According to Tadwalkar, “The study provides compelling evidence that following a Mediterranean diet can significantly reduce the risk of progression from a first cardiometabolic event, such as a heart attack or stroke, to additional cardiometabolic conditions, such as type 2 diabetes.”

Moreover, he noted:

“The fact that this association is more evident at shorter follow-up periods (10–15 years) suggests that the protective effects of diet are most effective early in the disease progression. It also shows how socioeconomic factors, including social class, can change the impact of diet on health. In particular, (it highlights) that the quality of nutrition and access to Mediterranean foods may be less accessible for some groups of the population.”

Limitations of the study: Do the results apply to everyone?

It is also important to understand the limitations of this study. For example, the data primarily focused on people of European descent, limiting generalizability.

Participants were also adults aged 40 years and older, so studying younger demographic groups may be useful in future studies.

The researchers did not identify participants who had chronic coronary syndromes at baseline, which could ultimately lead to an overestimation of the effects of the Mediterranean diet. They also did not differentiate between stroke subtypes.

The researchers only measured participants’ Mediterranean adherence at baseline, which could have further biased the results.

Moreover, participants also reported their diet choices and adherence, which may not have been consistent with their actual diet. Other lifestyle-related information was also self-reported. In addition, methods for assessing adherence to the Mediterranean diet did not eliminate the risk of bias.

The researchers also acknowledged several possible reasons why adherence to the Mediterranean diet appeared to have the greatest impact on the transition from first cardiometabolic disease to cardiometabolic multimorbidity at the 10- and 15-year follow-up periods.

First, baseline diet scores may decline over time with accurate reporting of diet quality. Thus, more research may be needed to examine the long-term effects of the Mediterranean diet on this area of ​​health.

They also noted several reasons for the differences between manual and non-manual workers. For example, their study did not look at specific food types, and participants with lower socioeconomic status may have received less varied and less nutritious foods.

The results may also be related to how social class influences other risk factors, such as treatment for cardiometabolic diseases and access to preventive care.

What can you do to protect your cardiometabolic health?

Despite its limitations, the study points to a possible way people can take steps to reduce the risk of cardiometabolic multimorbidity. There are other steps people can take to reduce their risk of cardiovascular and metabolic diseases.

Christopher Berg, MDa board-certified cardiologist at the MemorialCare Heart and Vascular Institute at Orange Coast Medical Center in Fountain Valley, California, who was not involved in this study, explained that “cardiometabolic multimorbidity is defined as having two or more of the following cardiometabolic diseases”: heart attack , stroke or type 2 diabetes.”

“A simple, straightforward way that people can reduce their risk of heart attack, stroke, or type 2 diabetes is well described by the American Heart Association (AHA) Guidelines.”The main thing for life 8‘, he noted.

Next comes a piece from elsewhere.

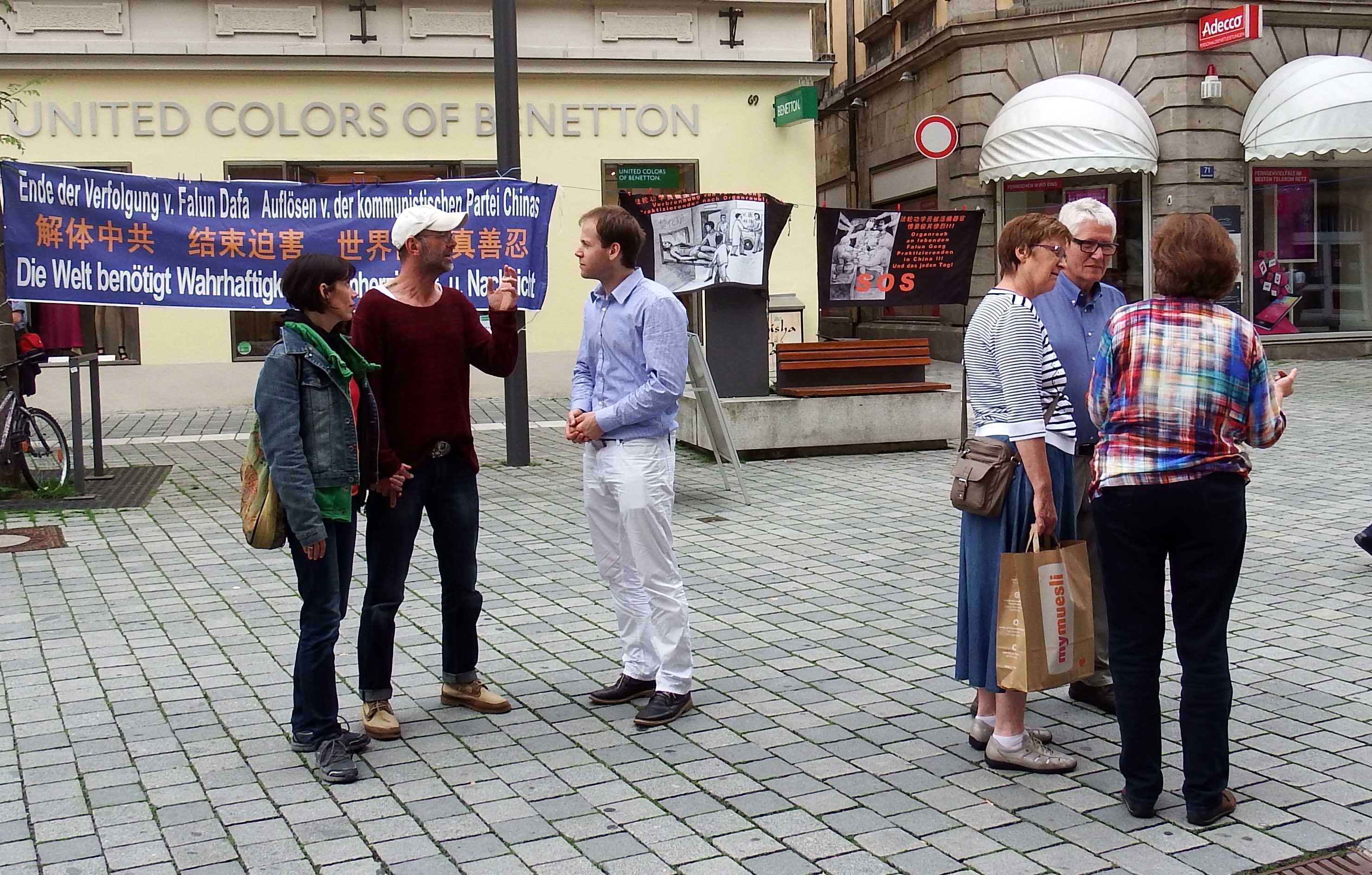 法轮功学员在历史名城雷根斯堡举办信息日,介绍功法,揭露中共迫害

Berg summarized these recommendations by citing:

  1. Following a healthy diet, defined by the AHA as the Mediterranean diet, including recommendations to avoid or minimize highly processed or ultra-processed foods.

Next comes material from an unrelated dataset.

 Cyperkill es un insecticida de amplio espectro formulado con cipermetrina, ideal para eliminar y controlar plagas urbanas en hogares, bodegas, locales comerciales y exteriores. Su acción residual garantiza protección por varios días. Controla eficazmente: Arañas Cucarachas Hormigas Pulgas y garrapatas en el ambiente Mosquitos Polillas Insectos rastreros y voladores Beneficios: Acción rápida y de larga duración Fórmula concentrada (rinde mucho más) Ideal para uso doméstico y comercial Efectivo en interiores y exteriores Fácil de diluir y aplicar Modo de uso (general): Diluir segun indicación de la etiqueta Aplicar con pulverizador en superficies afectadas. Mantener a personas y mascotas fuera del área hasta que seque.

  2. participating in physical activity, defined as more than 150 minutes per week of moderate-intensity exercise, such as brisk walking

  3. stopping tobacco use

  4. healthy quantity and quality of sleep

  5. maintaining a healthy weight

  6. control cholesterol levels

  7. control blood sugar level

  8. control blood pressure.

People can work with their doctors and other specialists to achieve these goals.

Additionally, it may be important to address potential barriers to people adopting the Mediterranean diet so that more people can take advantage of this healthy eating option.